**INFORMATION SHOWN**
════════
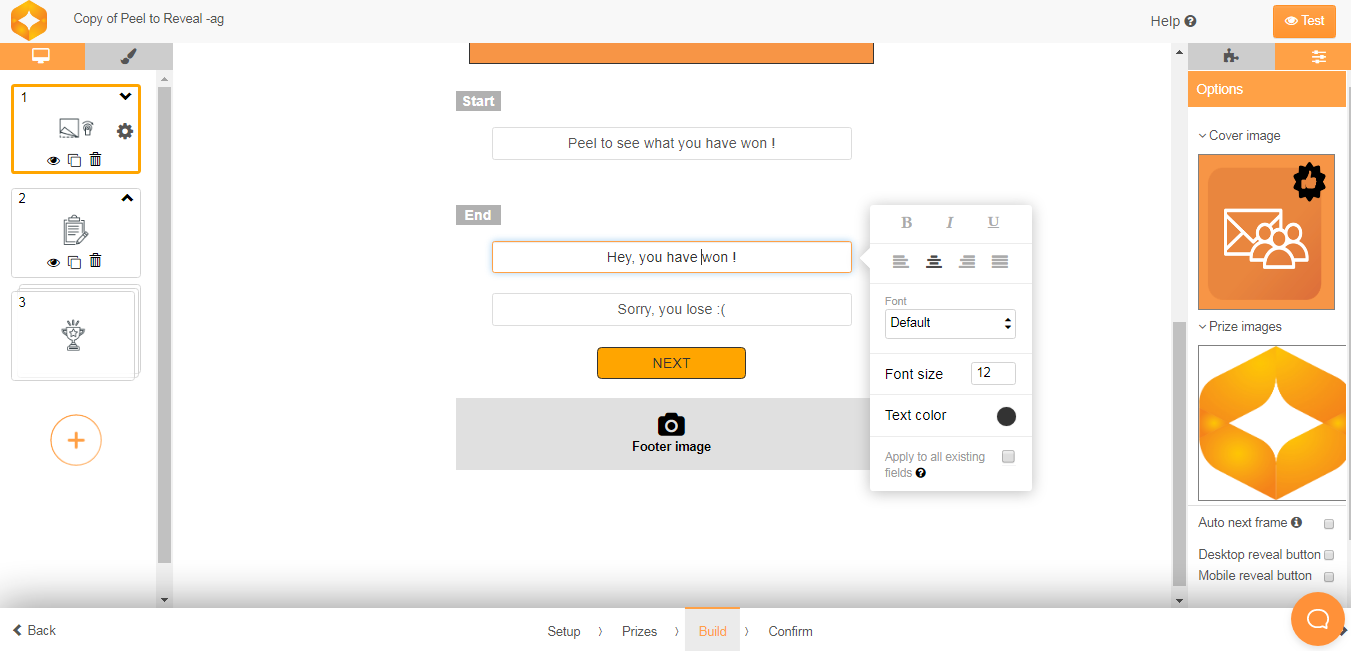 End - Enter the winner and loser text which should be displayed after peeling the image.
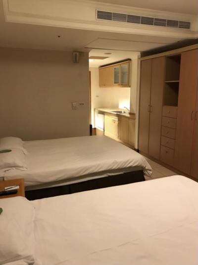 阪急交通社のツアーで宿泊。廣三SOGOが見える位置の28階スタンダードツインルームでした。ダブルベッドが2つだし部屋も広くて快適でした。
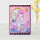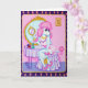 Une de mes peintures les plus populaires, Suzette le caniche rose devant son miroir se préparant à sortir une nuit sur la ville maintenant disponible comme carte de voeux
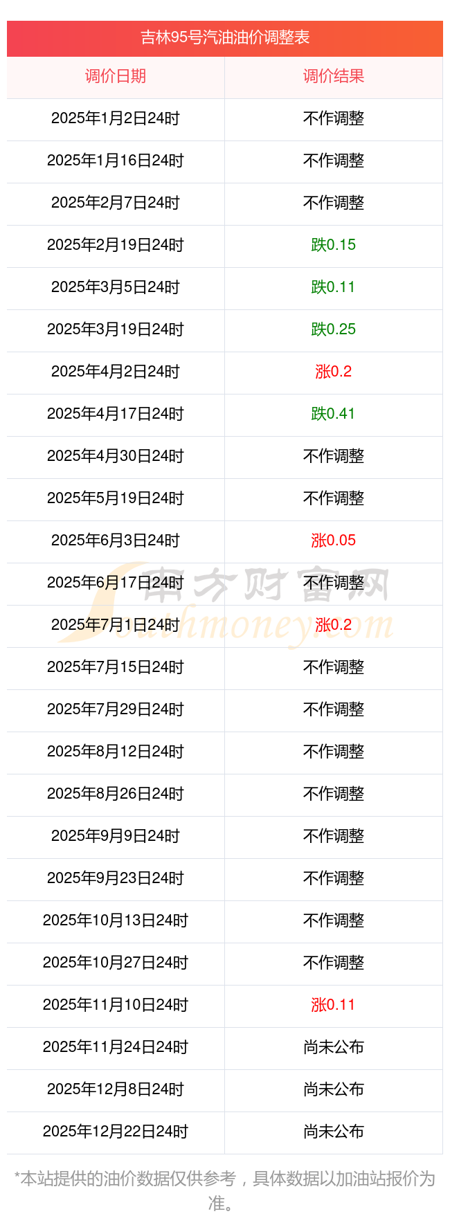 11月20日,吉林95号汽油的价格是7.45元每升,本次的调整时间为11月11日,对比上次的调整升了0.11元,升1.499%,11月24日24时为下一轮油价调整时间,还有4.64天。
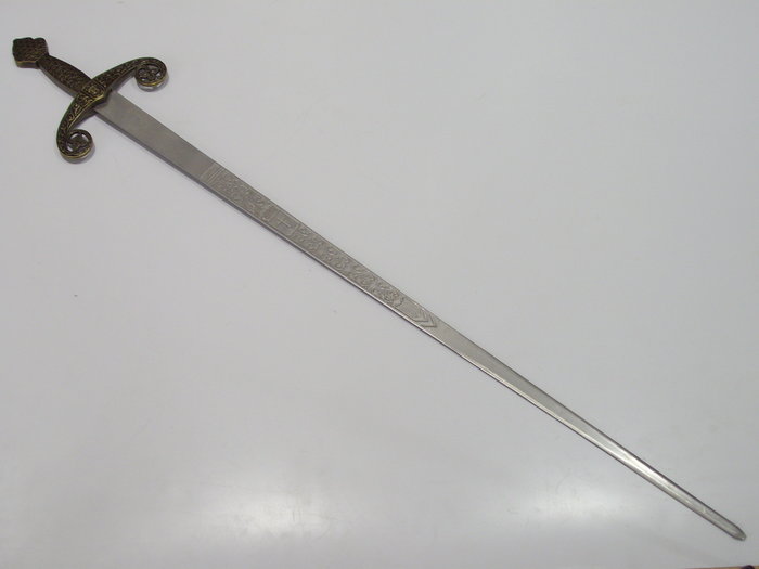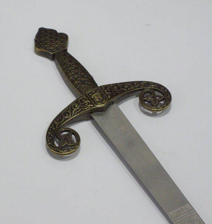 Díszkard. A penge acél. A keresztvas, a markolat antikolt bronz.
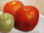 Apples Three is done in oils and on a canvas panel. I set the apples up and painted from life. The painting is 11″x14″ and is framed and signed. We then ate the subject!
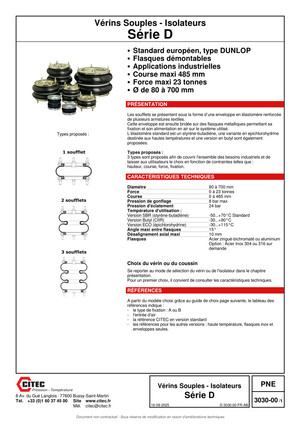• Standard européen, type DUNLOP • Flasques démontables • Applications industrielles • Course maxi 485 mm • Force maxi 23 tonnes • Ø de 80 à 700 mm
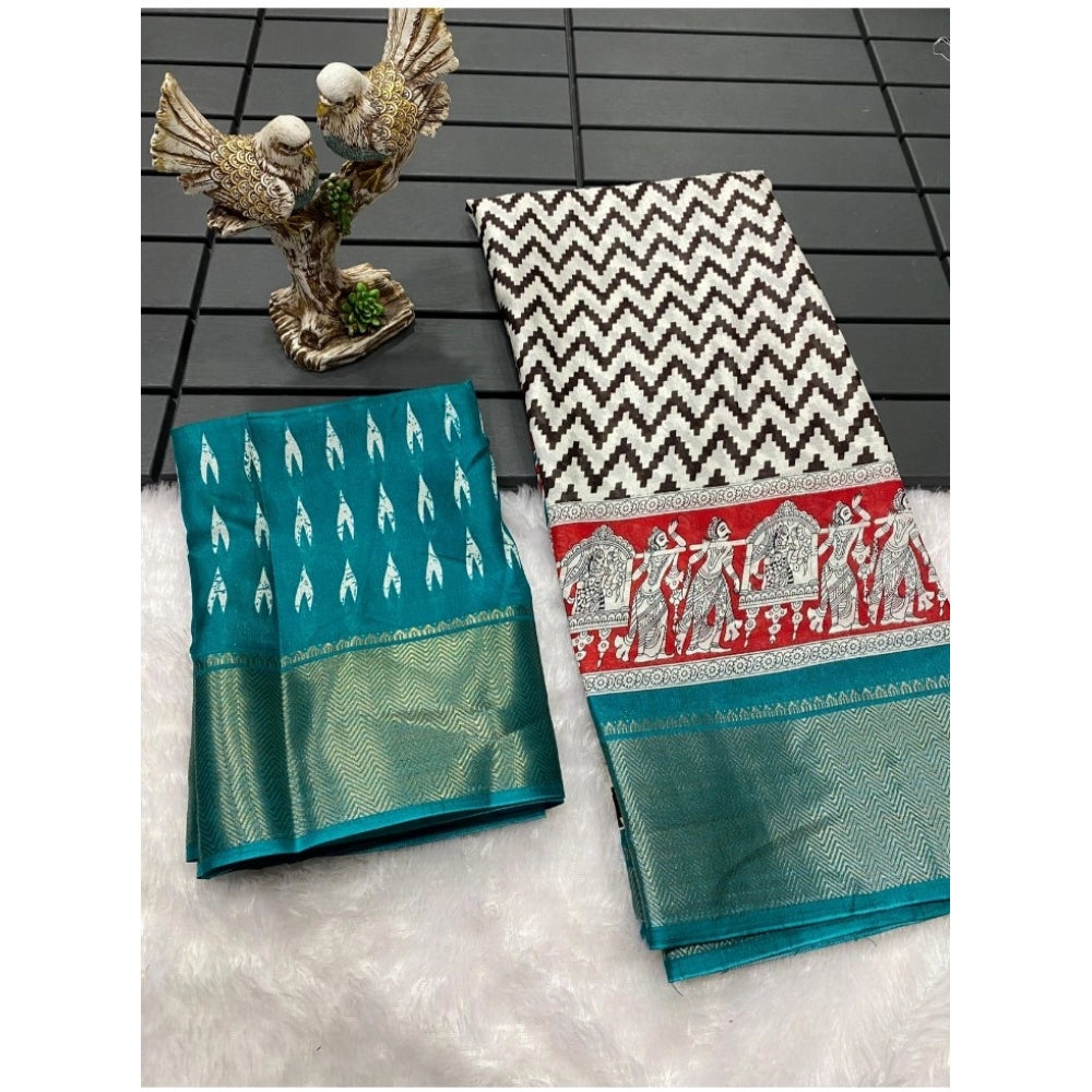 Generic Women's Soft Dola Cotton Kalamkari Printed Saree With Unstitched Blouse 5.5Mtr (Turquoise)
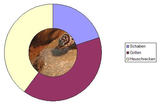 Ein gutes Hauptfutter sind sämtliche Grillenarten, die im Handel zu bekommen sind, z.B. Mittelmeer- und Steppengrillen und vor allem die Heimchen. Sie sind günstig, einfach zu halten und lassen sich gut verfüttern. Ein bisschen aufpassen muß man allerdings, daß keine Grillen aus dem Behälter oder dem Terrarium entwischen, denn sie können einen mit ihrem Gezirpe echt zum Wahnsinn treiben. Wenn sie sich irgendwo in einem Hohlraum (z.B. Türrahmen) versteckt haben, hat man keine Chance.... Es werden auch oft verschiedene Heuschreckenarten angeboten, z.B. die Afrikanische Wanderheuschrecke, die für Lärmempfindliche eine gute Alternative darstellt. Allerdings sollte man schon auf Abwechslung achten und nicht nur Heuschrecken füttern. Sie sind sehr proteinreich und zuviel davon macht die Leopardgeckos fett. Auch Schaben werden von Leopardgeckos gerne gefressen, z.B. die bei meinen Leos beliebte „Schoko-Schabe“ (Shelfordella tartara).
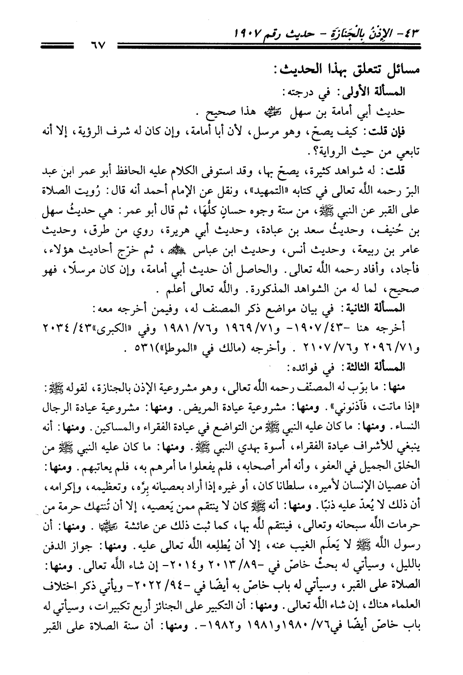 قلت: له شواهد كثيرة، يصحّ بها، وقد استوفى الكلام عليه الحافظ أبو عمر ابن عبد البرّ -رَحِمَهُ اللَّهُ تَعَالَى- في كتابه "التمهيد"، ونقل عن الإمام أحمد أنه قال: رُويت الصلاة على القبر عن النبي - صلى اللَّه عليه وسلم -، من ستة وجوه حسانٍ كلُّهَا، ثم قال أبو عمر: هي حديثُ سهل بن حُنيف، وحديثُ سعد بن عبادة، وحديث أبي هريرة، روي من طرق، وحديث عامر بن ربيعة، وحديث أنس، وحديث ابن عباس - رضي اللَّه عنهم -، ثم خرّج أحاديث هؤلاء، فأجاد، وأفاد -رَحِمَهُ اللَّهُ تَعَالَى-. والحاصل أن حديث أبي أمامة، وإن كان مرسلًا، فهو صحيح، لما له من الشواهد المذكورة. واللَّه تعالى أعلم.
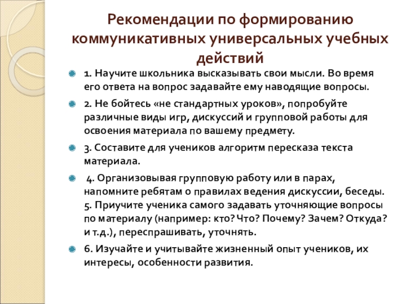 Слайд 55Рекомендации по формированию коммуникативных универсальных учебных действий
════════
**EXERCISE**
Copy out the listing above exactly, and keep the pictures out of it.

**RESULT OF THE TASK**
 End - Enter the winner and loser text which should be displayed after peeling the image.
 阪急交通社のツアーで宿泊。廣三SOGOが見える位置の28階スタンダードツインルームでした。ダブルベッドが2つだし部屋も広くて快適でした。
 Une de mes peintures les plus populaires, Suzette le caniche rose devant son miroir se préparant à sortir une nuit sur la ville maintenant disponible comme carte de voeux
 11月20日,吉林95号汽油的价格是7.45元每升,本次的调整时间为11月11日,对比上次的调整升了0.11元,升1.499%,11月24日24时为下一轮油价调整时间,还有4.64天。
 Díszkard. A penge acél. A keresztvas, a markolat antikolt bronz.
 Apples Three is done in oils and on a canvas panel. I set the apples up and painted from life. The painting is 11″x14″ and is framed and signed. We then ate the subject!
• Standard européen, type DUNLOP • Flasques démontables • Applications industrielles • Course maxi 485 mm • Force maxi 23 tonnes • Ø de 80 à 700 mm
 Generic Women's Soft Dola Cotton Kalamkari Printed Saree With Unstitched Blouse 5.5Mtr (Turquoise)
 Ein gutes Hauptfutter sind sämtliche Grillenarten, die im Handel zu bekommen sind, z.B. Mittelmeer- und Steppengrillen und vor allem die Heimchen. Sie sind günstig, einfach zu halten und lassen sich gut verfüttern. Ein bisschen aufpassen muß man allerdings, daß keine Grillen aus dem Behälter oder dem Terrarium entwischen, denn sie können einen mit ihrem Gezirpe echt zum Wahnsinn treiben. Wenn sie sich irgendwo in einem Hohlraum (z.B. Türrahmen) versteckt haben, hat man keine Chance.... Es werden auch oft verschiedene Heuschreckenarten angeboten, z.B. die Afrikanische Wanderheuschrecke, die für Lärmempfindliche eine gute Alternative darstellt. Allerdings sollte man schon auf Abwechslung achten und nicht nur Heuschrecken füttern. Sie sind sehr proteinreich und zuviel davon macht die Leopardgeckos fett. Auch Schaben werden von Leopardgeckos gerne gefressen, z.B. die bei meinen Leos beliebte „Schoko-Schabe“ (Shelfordella tartara).
 قلت: له شواهد كثيرة، يصحّ بها، وقد استوفى الكلام عليه الحافظ أبو عمر ابن عبد البرّ -رَحِمَهُ اللَّهُ تَعَالَى- في كتابه "التمهيد"، ونقل عن الإمام أحمد أنه قال: رُويت الصلاة على القبر عن النبي - صلى اللَّه عليه وسلم -، من ستة وجوه حسانٍ كلُّهَا، ثم قال أبو عمر: هي حديثُ سهل بن حُنيف، وحديثُ سعد بن عبادة، وحديث أبي هريرة، روي من طرق، وحديث عامر بن ربيعة، وحديث أنس، وحديث ابن عباس - رضي اللَّه عنهم -، ثم خرّج أحاديث هؤلاء، فأجاد، وأفاد -رَحِمَهُ اللَّهُ تَعَالَى-. والحاصل أن حديث أبي أمامة، وإن كان مرسلًا، فهو صحيح، لما له من الشواهد المذكورة. واللَّه تعالى أعلم.
 Слайд 55Рекомендации по формированию коммуникативных универсальных учебных действий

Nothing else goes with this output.